= Level of detail (writing) =

Term in writing

Level of detail in writing, sometimes known as level of abstraction, refers to three concepts: the precision in using the right words to form phrases, clauses and sentences; the generality of statements; and the organisational strategy in which authors arrange ideas according to a common topic in the hierarchy of detail. Placing different objects or ideas in categories is a type of classification in expert writing which allows more efficient cognitive retrieval of information by placing it in context. Maintaining appropriate level of detail in any body of text is a part of ensuring that the cognitive effort required by the reader is appropriate to the general subject of the written as a whole. Authors use level of detail to maintain continuity in syntactic hierarchy in texts, such as a screenplays. Continuity in text is achieved by using transitional expressions to move from one detail, or level of detail, to another.

Within the basic writing structure of introducing, characterising and bringing to a close of any proper subject description, level of detail is used in theme development during elaboration, evaluation and adding context as a repertoire of retrieval strategies. Van der Pool in 1995 had found that omission of detail in text structuring is an age-related effect that differentiates mature and young writers.

Although the general rule that the level of detail must be both sufficient and appropriate
for the author's audience and their subject in literature intended for experts, it is also used in primary and secondary education to assess student understanding. In general the depth of detail is gradually developed to one appropriate for the subject.

The suggested list in identifying appropriate level of detail may include
- Sufficiency of information for the reader to exercise good judgement about the subject
- Sufficiency of information for the reader to take appropriate action
- Correctness of the information based on type of data
- Correctness of the information based on audience
- Level of detail appropriateness to the subject
- Level of detail appropriateness to the audience in size, required knowledge for comprehension or experience

Presenting the reader with specific details without first introducing it with general statements can be dangerous because it omits a qualifier, and therefore introduces elements that invite questions and create confusion.

Level of detail is often important in technical writing due to the need to differentiate between different levels of audience need for information within the organisation.

Similar to the engineering design process, writing also takes place by the author usually adopting either a top-down or a bottom-up process by identifying components of the text that become the focus subjects in the overall theme.
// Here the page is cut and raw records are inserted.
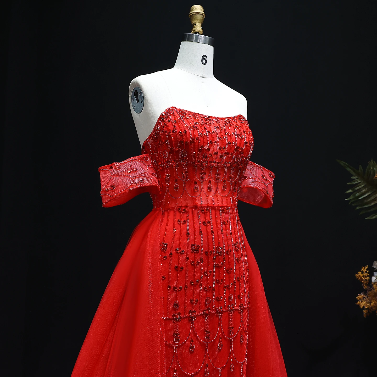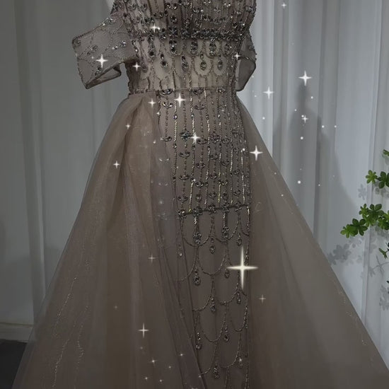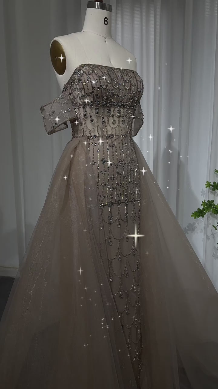 Luna gown is a timeless piece that showcases intricate crystal beadwork that flatters the body with subtle shine. The corset back sculpts the waist while providing a comfortable fit, and a soft detachable cape sleeves add a graceful, modern touch. Ideal for the woman who appreciate understated elegance with a hint of opulence.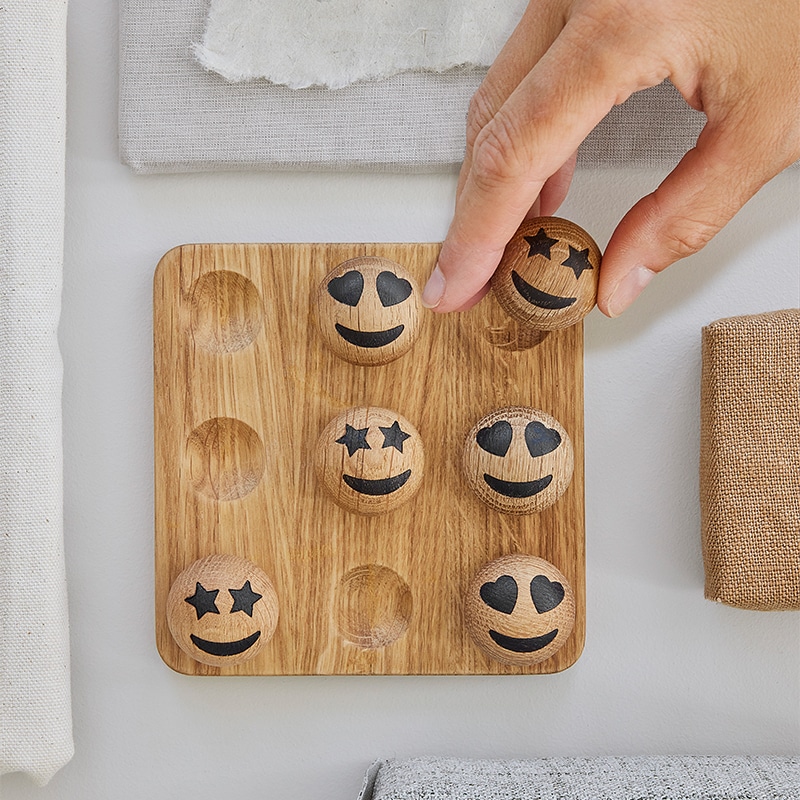 Gi det klassiske tre-på-tre-og-dal-spillet en morsom vri med Spring Emotions®! Hjerteøyne og Stjerneøyne gir spillet sjarm og personlighet med sine finurlige uttrykk. Perfekt som en underholdende mandelgave eller en koselig innflytningsgave, vil dette spillet sørge for at det alltid er en rask og morsom tidsfordriv for hånden. Et sjarmerende tilskudd til ethvert hjem, hvor både barn og voksne kan kose seg med den enkle, men morsomme konkurransen.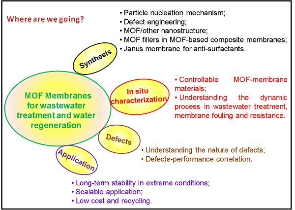 针对MOF膜在设计和合成上的进展,该团队提出以下几点展望:(1)深入探索和解释MOF粒子成核机制;(2)进一步改进MOF作为填料来合成MOF复合膜的相容性;(3)关注MOF的纳米结构;(4)合理利用缺陷工程进行调制,来设计与改性MOF膜;(5)设计一种同时去除表面活性剂和废水而不改变膜表面性质的膜。同时该团队提出利用原位表征技术来描述可控的MOF膜材料以及了解废水处理的动态过程以及膜污染是今后的研究热点。此外,该团队对MOF膜在废水处理与水再生的实际应用方面提出:(1)进一步探讨和研究在极端条件下保持MOF膜的长期稳定性;(2)发展绿色、低成本的合成技术以大规模生产MOF膜,并考虑回收MOF填料。
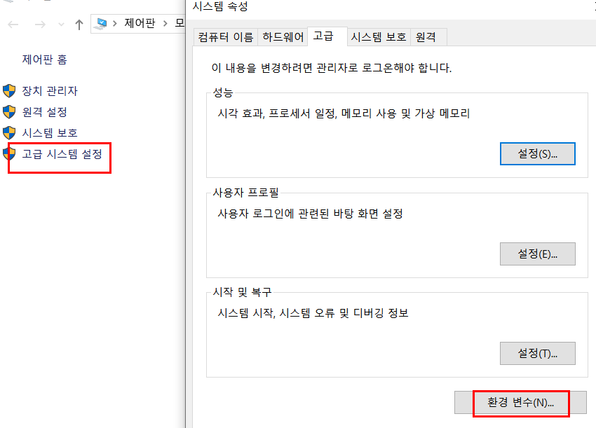 내 컴퓨터에서 오른쪽 버튼 클릭 -> 속성 -> 고급 시스템 설정 -> 환경변수로 진입합니다.

The content of a text is often assessed for its level of detail as high, intermediate or low based on the objective of the author in addressing the needs of the audience. The highly detailed text refers to the bottom-up structuring design where
Facts that are generally available but not used frequently (and likely to be forgotten) should be included in this ideal level of writing.
 This level of detail is appropriate for the subjects where expert specialist knowledge and understanding are required, and is often used in technical and scientific writing, or in literary genres like science fiction, biographical writing or military history.